Top of Supplied material
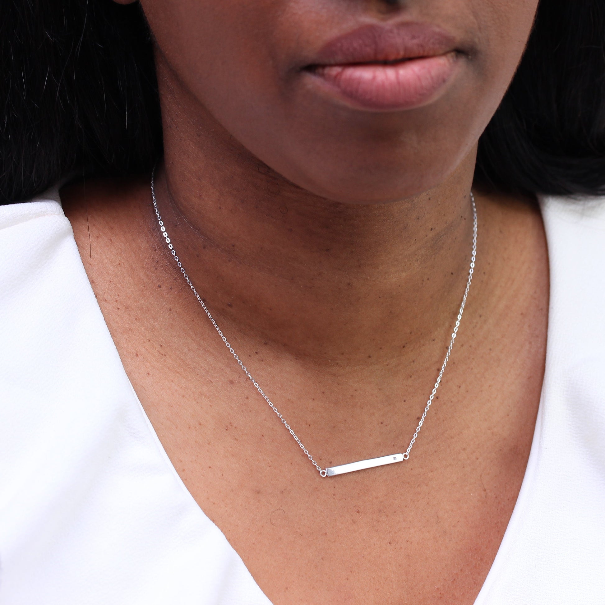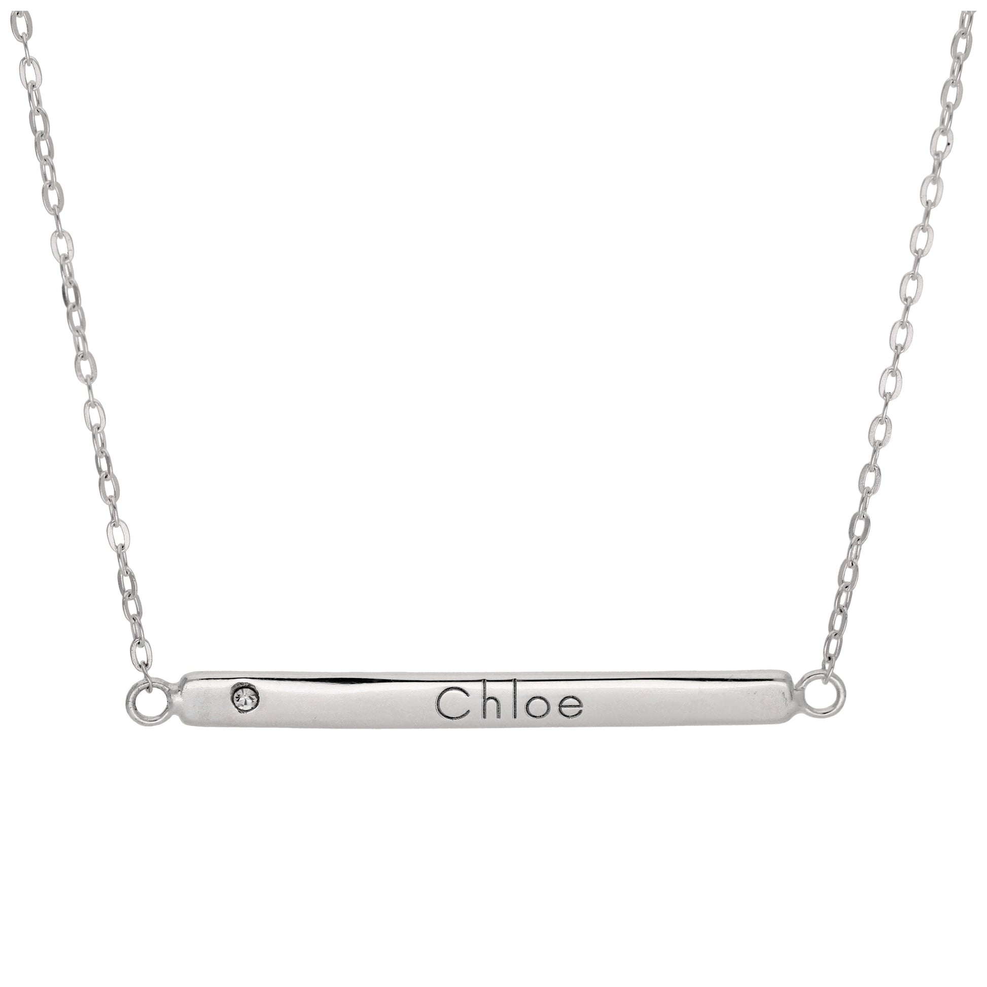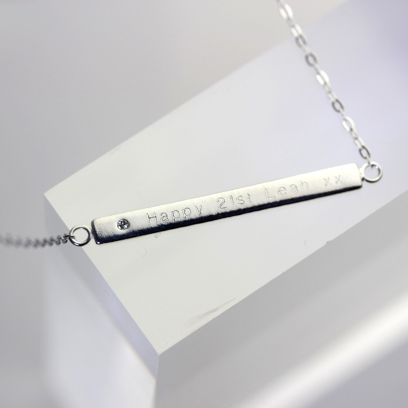 Sterlingsilber Klar CZ Kristall Gravierbar Stange Halskette 45,5cm Kette
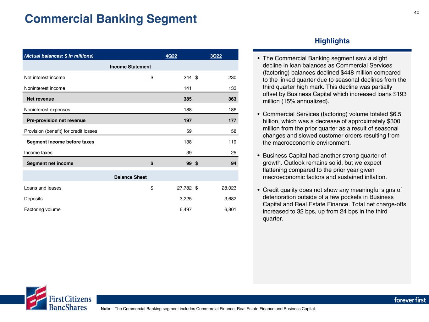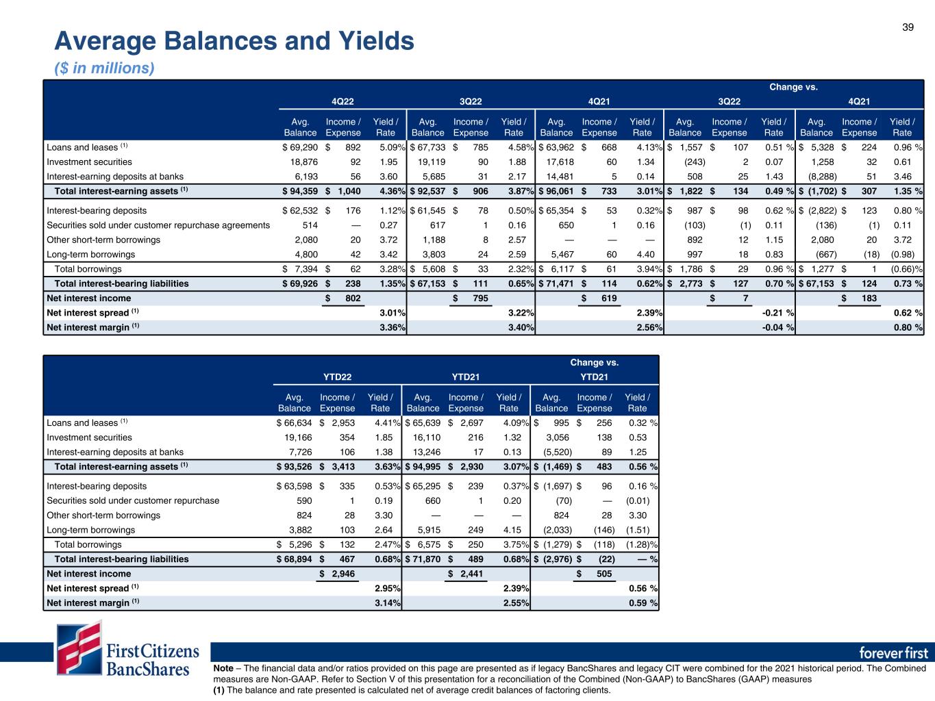 39 Change vs. 4Q22 3Q22 4Q21 3Q22 4Q21 Avg. Balance Income / Expense Yield / Rate Avg. Balance Income / Expense Yield / Rate Avg. Balance Income / Expense Yield / Rate Avg. Balance Income / Expense Yield / Rate Avg. Balance Income / Expense Yield / Rate Loans and leases (1) $ 69,290 $ 892 5.09 % $ 67,733 $ 785 4.58 % $ 63,962 $ 668 4.13 % $ 1,557 $ 107 0.51 % $ 5,328 $ 224 0.96 % Investment securities 18,876 92 1.95 19,119 90 1.88 17,618 60 1.34 (243) 2 0.07 1,258 32 0.61 Interest-earning deposits at banks 6,193 56 3.60 5,685 31 2.17 14,481 5 0.14 508 25 1.43 (8,288) 51 3.46 Total interest-earning assets (1) $ 94,359 $ 1,040 4.36 % $ 92,537 $ 906 3.87 % $ 96,061 $ 733 3.01 % $ 1,822 $ 134 0.49 % $ (1,702) $ 307 1.35 % Interest-bearing deposits $ 62,532 $ 176 1.12 % $ 61,545 $ 78 0.50 % $ 65,354 $ 53 0.32 % $ 987 $ 98 0.62 % $ (2,822) $ 123 0.80 % Securities sold under customer repurchase agreements 514 — 0.27 617 1 0.16 650 1 0.16 (103) (1) 0.11 (136) (1) 0.11 Other short-term borrowings 2,080 20 3.72 1,188 8 2.57 — — — 892 12 1.15 2,080 20 3.72 Long-term borrowings 4,800 42 3.42 3,803 24 2.59 5,467 60 4.40 997 18 0.83 (667) (18) (0.98) Total borrowings $ 7,394 $ 62 3.28 % $ 5,608 $ 33 2.32 % $ 6,117 $ 61 3.94 % $ 1,786 $ 29 0.96 % $ 1,277 $ 1 (0.66) % Total interest-bearing liabilities $ 69,926 $ 238 1.35 % $ 67,153 $ 111 0.65 % $ 71,471 $ 114 0.62 % $ 2,773 $ 127 0.70 % $ 67,153 $ 124 0.73 % Net interest income $ 802 $ 795 $ 619 $ 7 $ 183 Net interest spread (1) 3.01 % 3.22 % 2.39 % -0.21 % 0.62 % Net interest margin (1) 3.36 % 3.40 % 2.56 % -0.04 % 0.80 % Note – The financial data and/or ratios provided on this page are presented as if legacy BancShares and legacy CIT were combined for the 2021 historical period. The Combined measures are Non-GAAP. Refer to Section V of this presentation for a reconciliation of the Combined (Non-GAAP) to BancShares (GAAP) measures (1) The balance and rate presented is calculated net of average credit balances of factoring clients. Change vs. YTD22 YTD21 YTD21 Avg. Balance Income / Expense Yield / Rate Avg. Balance Income / Expense Yield / Rate Avg. Balance Income / Expense Yield / Rate Loans and leases (1) $ 66,634 $ 2,953 4.41 % $ 65,639 $ 2,697 4.09 % $ 995 $ 256 0.32 % Investment securities 19,166 354 1.85 16,110 216 1.32 3,056 138 0.53 Interest-earning deposits at banks 7,726 106 1.38 13,246 17 0.13 (5,520) 89 1.25 Total interest-earning assets (1) $ 93,526 $ 3,413 3.63 % $ 94,995 $ 2,930 3.07 % $ (1,469) $ 483 0.56 % Interest-bearing deposits $ 63,598 $ 335 0.53 % $ 65,295 $ 239 0.37 % $ (1,697) $ 96 0.16 % Securities sold under customer repurchase agreements 590 1 0.19 660 1 0.20 (70) — (0.01) Other short-term borrowings 824 28 3.30 — — — 824 28 3.30 Long-term borrowings 3,882 103 2.64 5,915 249 4.15 (2,033) (146) (1.51) Total borrowings $ 5,296 $ 132 2.47 % $ 6,575 $ 250 3.75 % $ (1,279) $ (118) (1.28) % Total interest-bearing liabilities $ 68,894 $ 467 0.68 % $ 71,870 $ 489 0.68 % $ (2,976) $ (22) — % Net interest income $ 2,946 $ 2,441 $ 505 Net interest spread (1) 2.95 % 2.39 % 0.56 % Net interest margin (1) 3.14 % 2.55 % 0.59 % Average Balances and Yields ($ in millions)
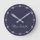 Trend Colour Navy Blue White Dots Name Round Cloc Clock
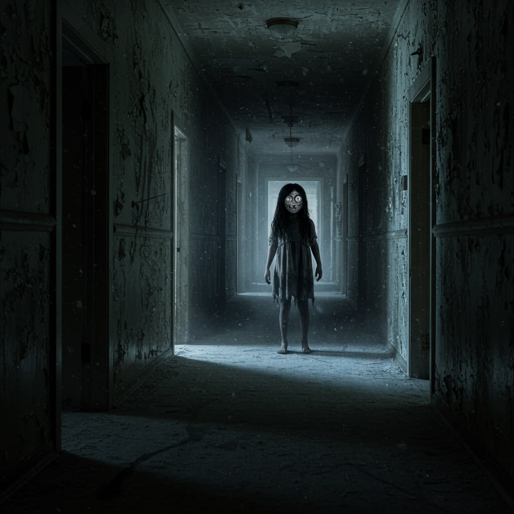 A little girl stood at the end of the hallway, half-hidden in the shadows. She wore a gray dress, torn and filthy. Her skin looked pale, almost bluish, and her hands hung limp at her sides. But it was her eyes that froze me in place.
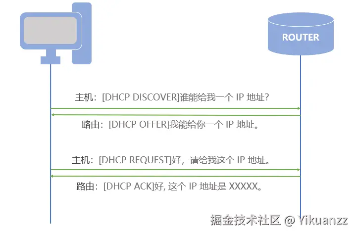 动态主机配置协议(DHCP,Dynamic Host Configuration Protocol):是一种自动分配 IP 地址的协议,它简化了网络管理,避免了手动配置每个设备的 IP 地址。
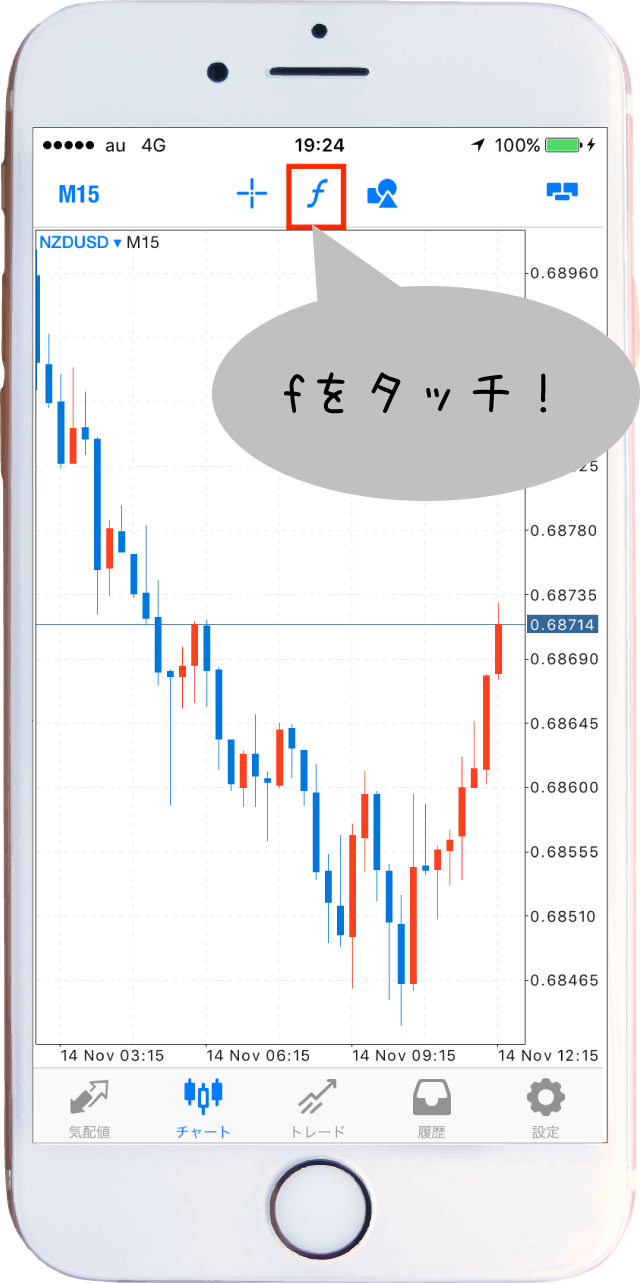 先ほどと同様にMT5のスマホアプリを起動したら画面上部の「f」をタップします^^
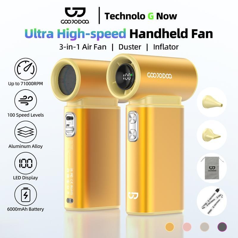 GOOJODOQ 6000mah 23m/s kipas turbo kecepatan super dengan layar LED dua nosel angin tiga kipas mini dalam satu
Bottom of Supplied material
* _Instructions to follow_: Given the records above, return the lines starting at the one that holds "Trend Colour Navy" and ending at the one that holds "先ほどと同様にMT5のスマホ", exactly, and nothing besides; leave every picture out.

* _Output for this task_:
 Trend Colour Navy Blue White Dots Name Round Cloc Clock
 A little girl stood at the end of the hallway, half-hidden in the shadows. She wore a gray dress, torn and filthy. Her skin looked pale, almost bluish, and her hands hung limp at her sides. But it was her eyes that froze me in place.
 动态主机配置协议(DHCP,Dynamic Host Configuration Protocol):是一种自动分配 IP 地址的协议,它简化了网络管理,避免了手动配置每个设备的 IP 地址。
 先ほどと同様にMT5のスマホアプリを起動したら画面上部の「f」をタップします^^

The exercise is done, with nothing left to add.